No era verdad, no era el procedimiento habitual, pero eran las palabras mágicas, las palabras del exorcismo. En efecto, Elena se puso a temblar levemente y un velo de sudor le cubrió la frente.

—No se lo he dicho a Emilio y no quería que lo supiera.

¿Qué pintaba allí el marido? ¿Acaso el profesor estaba destinado a aparecer por todas partes como el famoso Jaimito que salía en todas las historias que le contaban de pequeño?

—¿Qué?

—Que aquella noche estuve con un hombre.

—¿Quién es?

—El empleado de una gasolinera. En la carretera de Giardina, la única que hay. Se llama Luigi. El apellido no lo sé. Me detuve en el surtidor, estaba cerrando, pero lo abrió otra vez para mí. Empezó a hacerse el gracioso y yo no dije que no. Quería… bueno, quería olvidarme de Angelo definitivamente.

—¿Cuánto rato estuvisteis juntos?

—Unas dos horas.

—¿Puede declarar?

—Creo que no tiene problemas, es muy joven, un veinteañero, ni siquiera está casado.

—Díselo al abogado. Puede que encuentre la manera de evitar que la cosa llegue a oídos de tu marido.

—Lamentaría mucho que se enterase. He traicionado su confianza.

Pero ¿cómo razonaban marido y mujer? Montalbano se quedó perplejo. De repente, Elena se puso a reír de buena gana, echando la cabeza atrás.

—¿Una mujer le introdujo sus bragas en la boca a Angelo para que no gritara?

—Eso parece.

—Sólo a ti voy a decirte por qué no puedo haber sido yo.

—Adelante, habla.

—Porque cuando tenía que verme con Angelo, no me ponía bragas. Además, mira. ¿Tú crees que con esto se puede amordazar a alguien?
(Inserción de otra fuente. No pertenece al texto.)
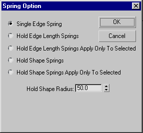 Use the Spring Option dialog to determine how springs are added in the Flex modifier when you click the Advanced Springs rollout Add Spring button.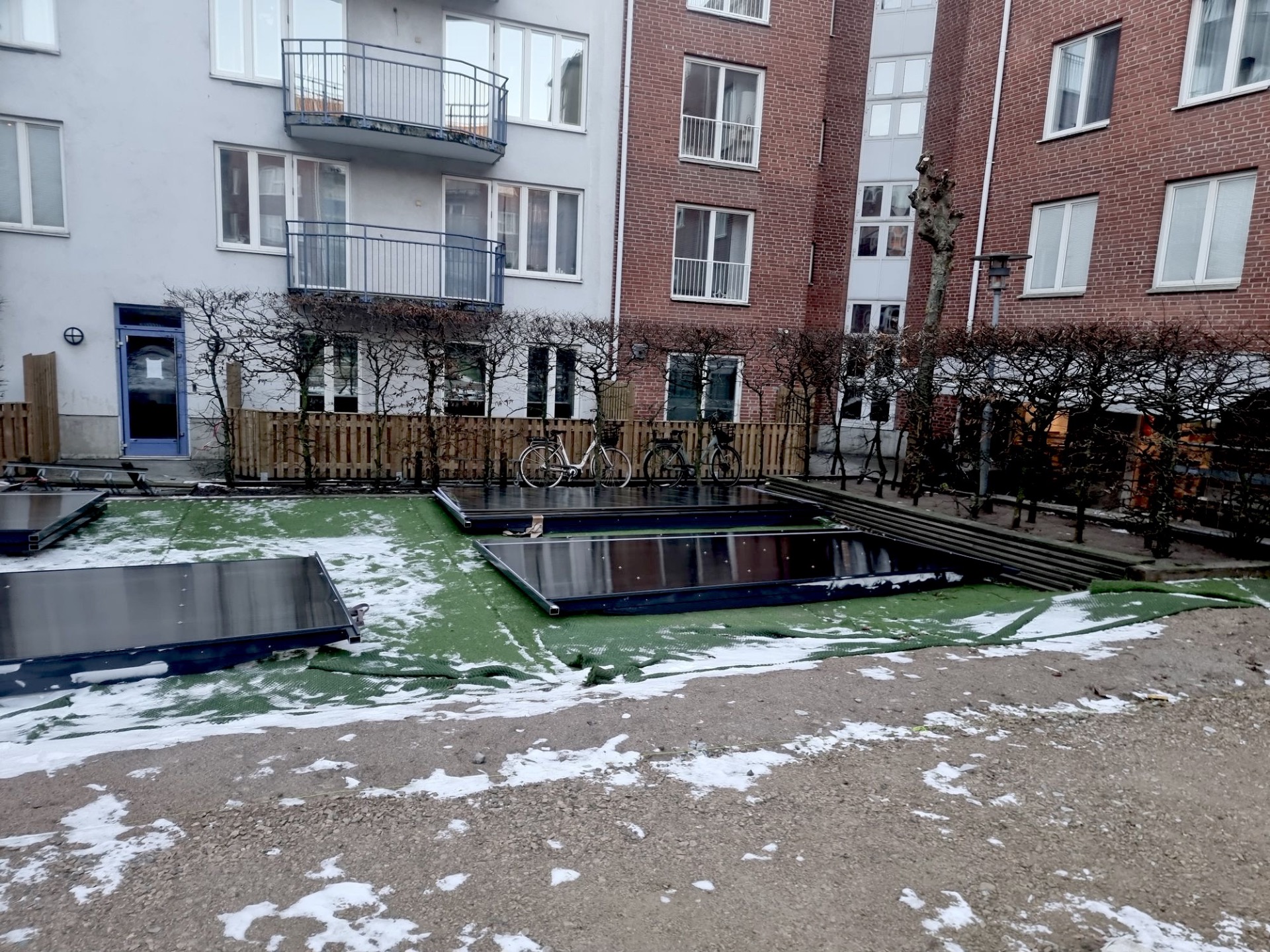 Det är många delar som ska in genom den trånga gången men är man flera stycken som hjälps åt går det bättre. Plintarna till huset satte vi innan jul och nu är det dags att börja bygga ihop alla delar. Eftersom det är minusgrader och vinter kan vi inte asfaltera även om miljöhuset står klart. Det innebär att innergården inte kan brukas förens till våren när asfaltsläggarna drar igång för säsongen.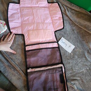 This comes with a reusable, washable dirty clothes/Diaper bag (2nd Picture). This changing table holds all that you need for diaper changes. Feel at easy changing baby anywhere, no need to worry if there's a changing table when you're out in public.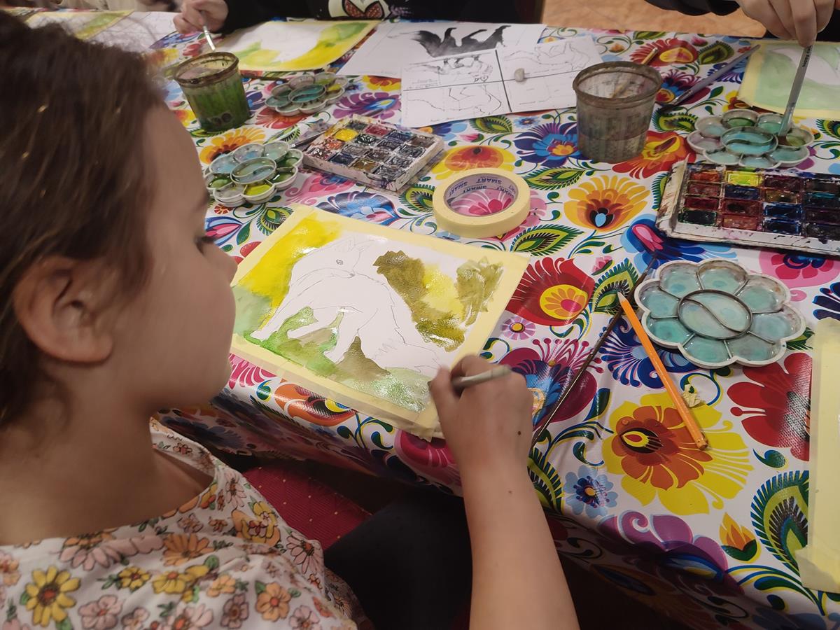 W czwartek 7 marca 2024 r. wystartowała grupa artystyczna malarstwa akwarelowego prowadzona przez doświadczoną w pracy z dziećmi malarkę Panią Urszulą Sawiuk z Jabłonia. Dzieci i młodzież na pierwszych zajęciach wykonała prace o tematyce wiosennej (motyle) na szablonach, wykorzystując przy tym różne techniki nanoszenia farb akwarelowych.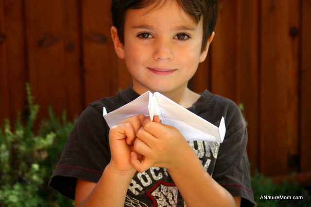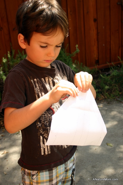 I found a fun website that offers a bunch of different paper airplane designs available for free download (www.funpaperairplanes.com). The site offers fifteen different designs, rated by difficulty level (beginner, intermediate, advanced, novelty). Each design provides a template (ready for folding, and cutting, if necessary) and directions. We decided to try out the “Condor”, a design from the beginner category.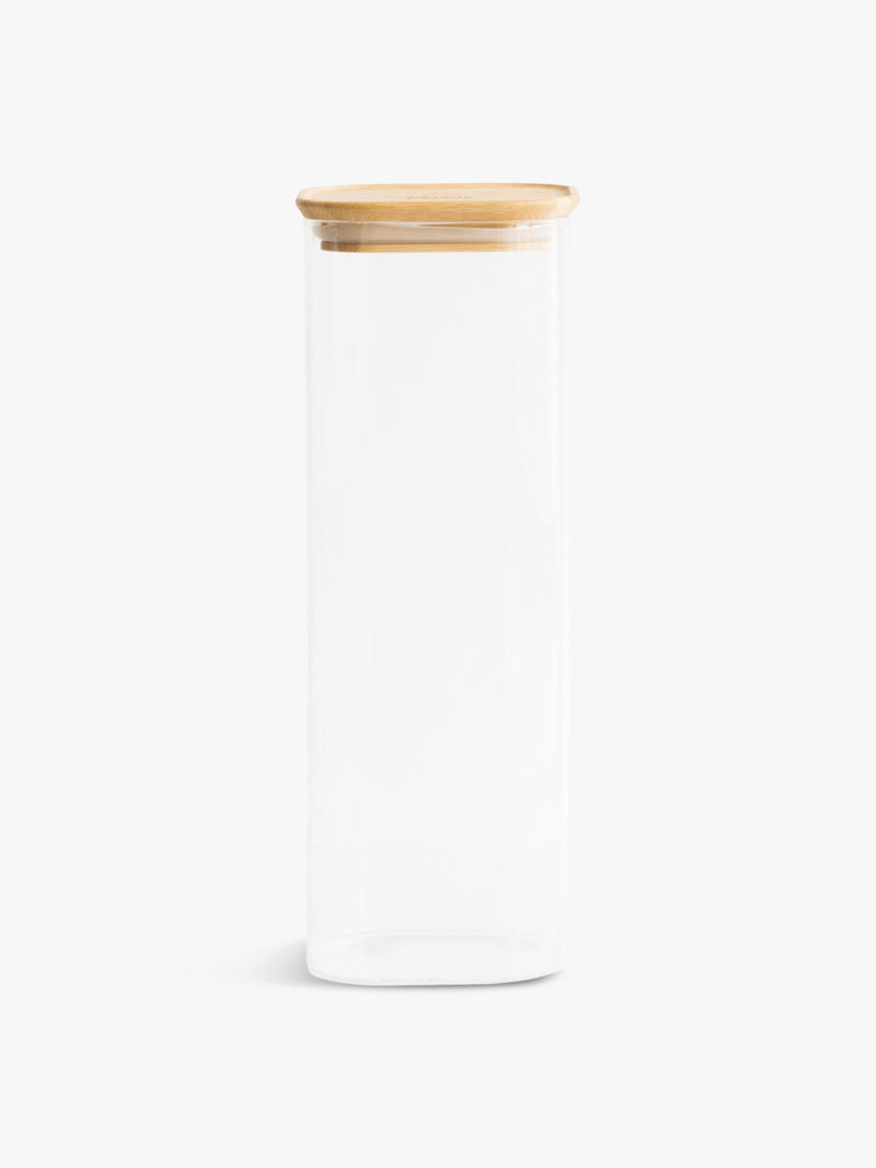 Square Tall Glass Food Storage Container with Bamboo Lid 2.2L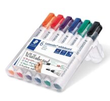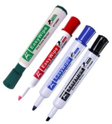 Cenovno ugoden piši-briši marker s okroglo konico debeline 2,5 mm, za pisanje po belih tablah ter drugih gladkih površinah. Črnilo se hitro zbriše s krpo ali čistilno gobico.

Se levantó, se alzó la bata, giró por completo sobre sí misma y volvió a sentarse. Efectuó el movimiento con absoluta naturalidad, sin vergüenza y sin desvergüenza. Sus bragas eran todavía más minúsculas que una tanga. Con ellas en la boca, un hombre habría podido recitar todas las catilinarias e incluso cantar la celeste
Aida.

—Tengo que irme —dijo el comisario levantándose.

Debía apartarse sin falta de aquella mujer, en su interior se habían disparado varios timbres de alarma y señales luminosas de peligro. Elena también se levantó y se le acercó. Puesto que no podía mantenerla a raya con los brazos extendidos, la detuvo con palabras.

—Una cosa más.

—Dime.

—Nos han dicho que últimamente Angelo jugaba y perdía mucho dinero.

—¡¿De veras?! —Pareció auténticamente sorprendida.

—O sea que tú de eso no sabes nada.

—Ni siquiera lo había sospechado. ¿Jugaba aquí, en Vigàta?

—No; dicen que en Fanara. En una timba clandestina. ¿Tú lo acompañaste alguna vez a Fanara?

—Sólo una. Pero regresamos a Vigàta aquella misma noche.

—¿Puedes recordar si aquel día Angelo entró en alguna sucursal bancaria de Fanara?

—Lo descarto. Me dejó en el coche delante de dos consultorios médicos y de dos farmacias. Y yo me aburrí como una ostra. Ah, ahora recuerdo, porque me he enterado a través de la televisión de que ha muerto, que también nos detuvimos delante del chalet del honorable Di Cristoforo.

—¡¿Angelo lo conocía?!

—Es evidente que sí.

—¿Cuánto tiempo estuvo en el chalet?

—Pocos minutos.

—¿Te dijo a qué había ido?

—No. Y no se lo pregunté, lo siento.

—Otra pregunta, y ésta sí es la última.